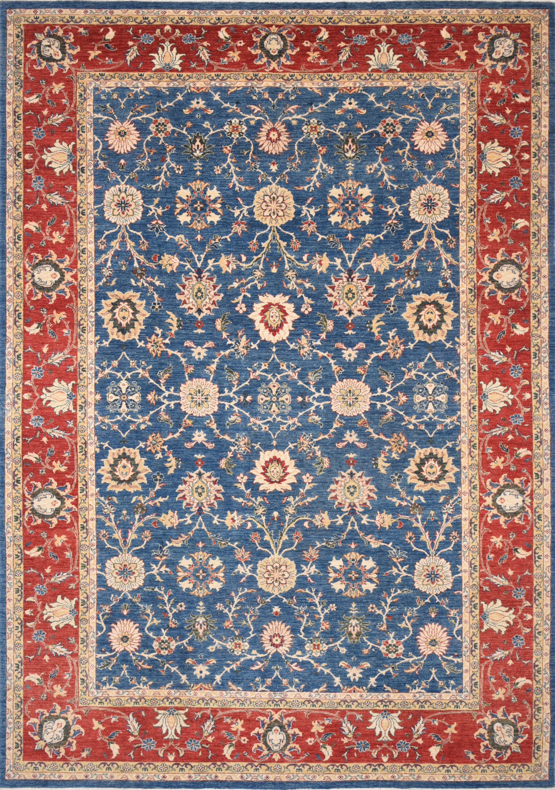 This 8’1″ x 11’6″ Oushak rug, hand-knotted in Afghan / Pakistan, features a allover design. It is woven with Approx. 169KPSI, showcasing a field in Blue and a Red border. The rug has a Low Medium Pile and a 100% Wool pile, and is in excellent condition.
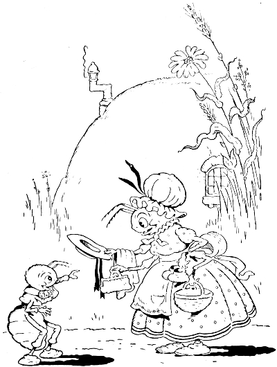 Off went the Ant to do as he was told. When he came back, there stood his mother with his best hat in one of her hands, his Sunday suit in another of them, his toothbrush, comb, wash cloth, and soap in a little case in another hand, his best Sunday shoes and stockings in another, and a basket of lunch in another.
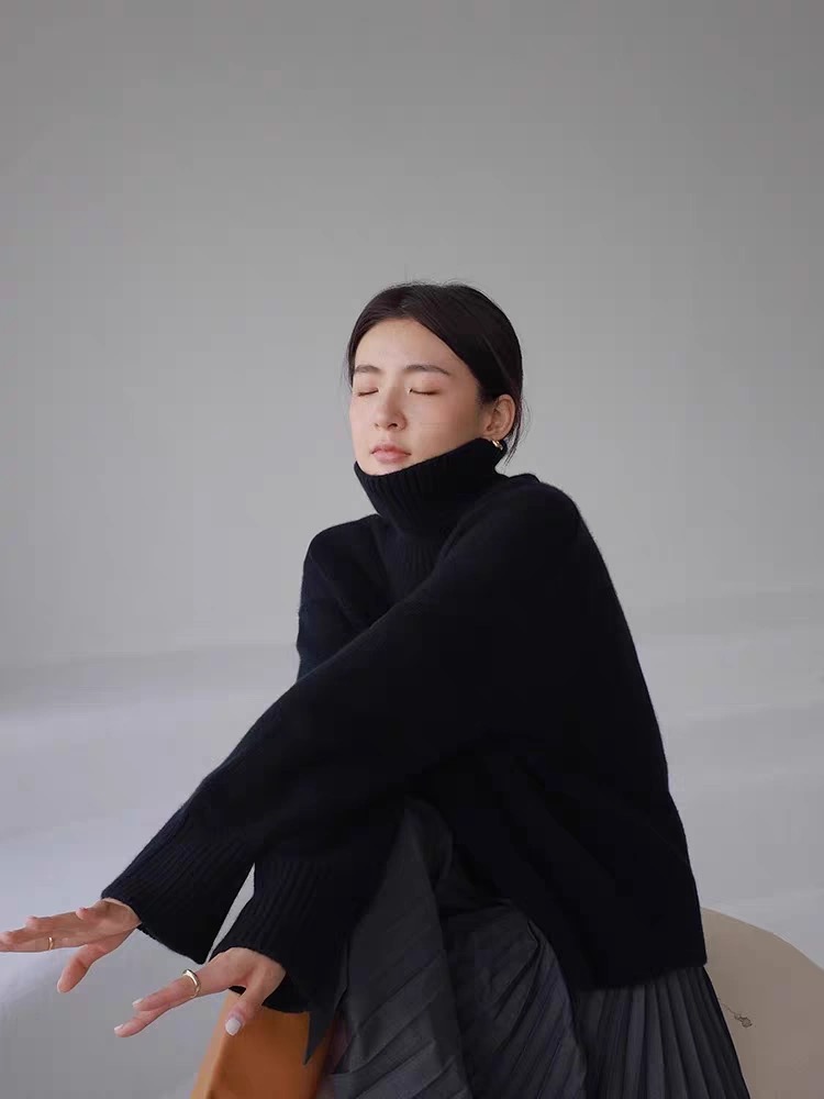 This wool turtleneck sweater is a timeless piece that offers both warmth and elegance. It's perfect for creating a variety of stylish looks, making it an essential item for any fashion-conscious individual.
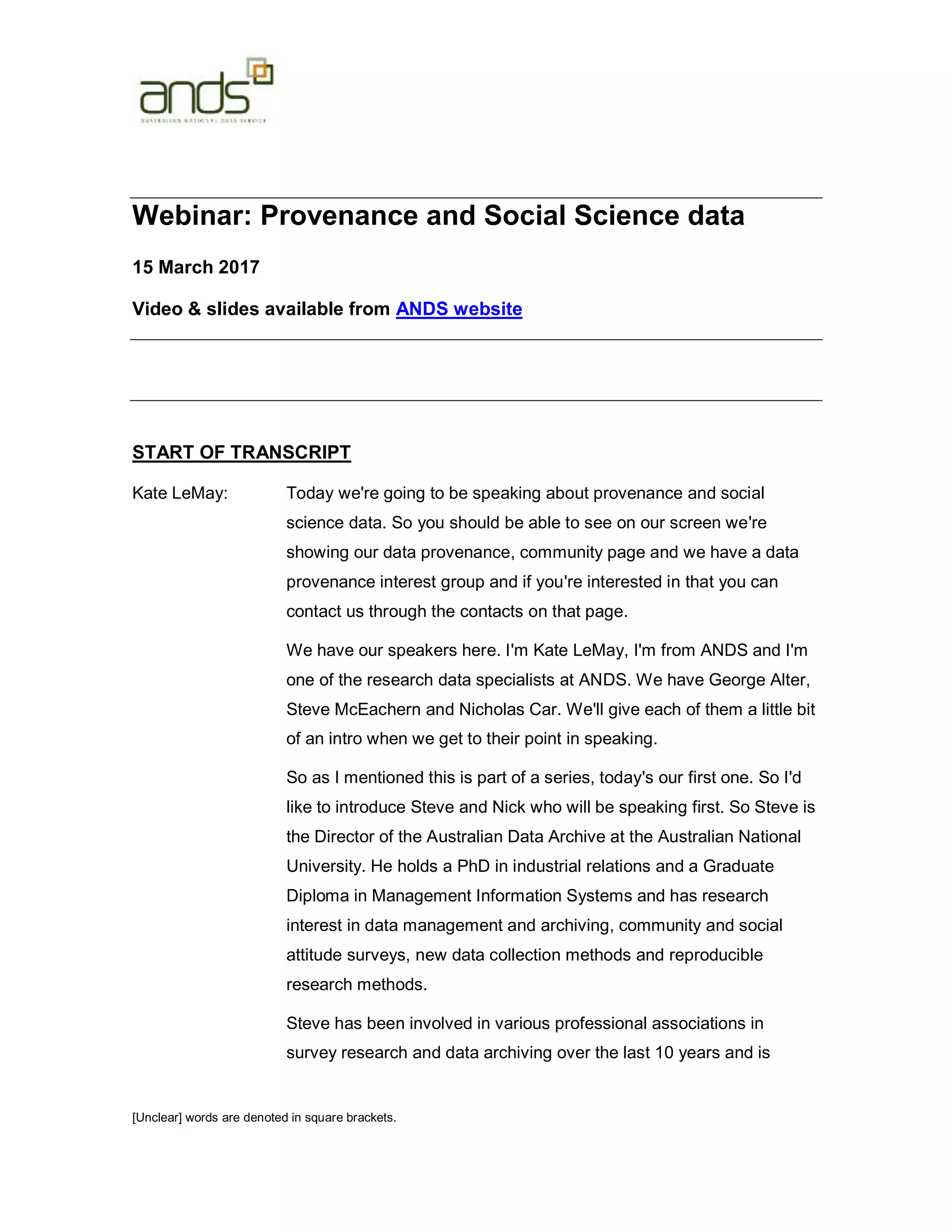The document is a transcript of a webinar discussing provenance and social science data, featuring speakers from the Australian National Data Service and the Australian Data Archive. It introduces the provenance standard 'prov', detailing its significance in data management, how it can be modeled, and its integration with other data systems. Additionally, it touches on the Data Documentation Initiative (DDI) standard and how it relates to the concept of provenance in social science research data.

-=-=-

■ EXERCISE GOAL ■
Your response must consist of the lines from the beginning of the data through the line containing "This wool turtleneck", transcribed exactly, with no pictures.

■ RESPONSE BELOW ■
 This 8’1″ x 11’6″ Oushak rug, hand-knotted in Afghan / Pakistan, features a allover design. It is woven with Approx. 169KPSI, showcasing a field in Blue and a Red border. The rug has a Low Medium Pile and a 100% Wool pile, and is in excellent condition.
 Off went the Ant to do as he was told. When he came back, there stood his mother with his best hat in one of her hands, his Sunday suit in another of them, his toothbrush, comb, wash cloth, and soap in a little case in another hand, his best Sunday shoes and stockings in another, and a basket of lunch in another.
 This wool turtleneck sweater is a timeless piece that offers both warmth and elegance. It's perfect for creating a variety of stylish looks, making it an essential item for any fashion-conscious individual.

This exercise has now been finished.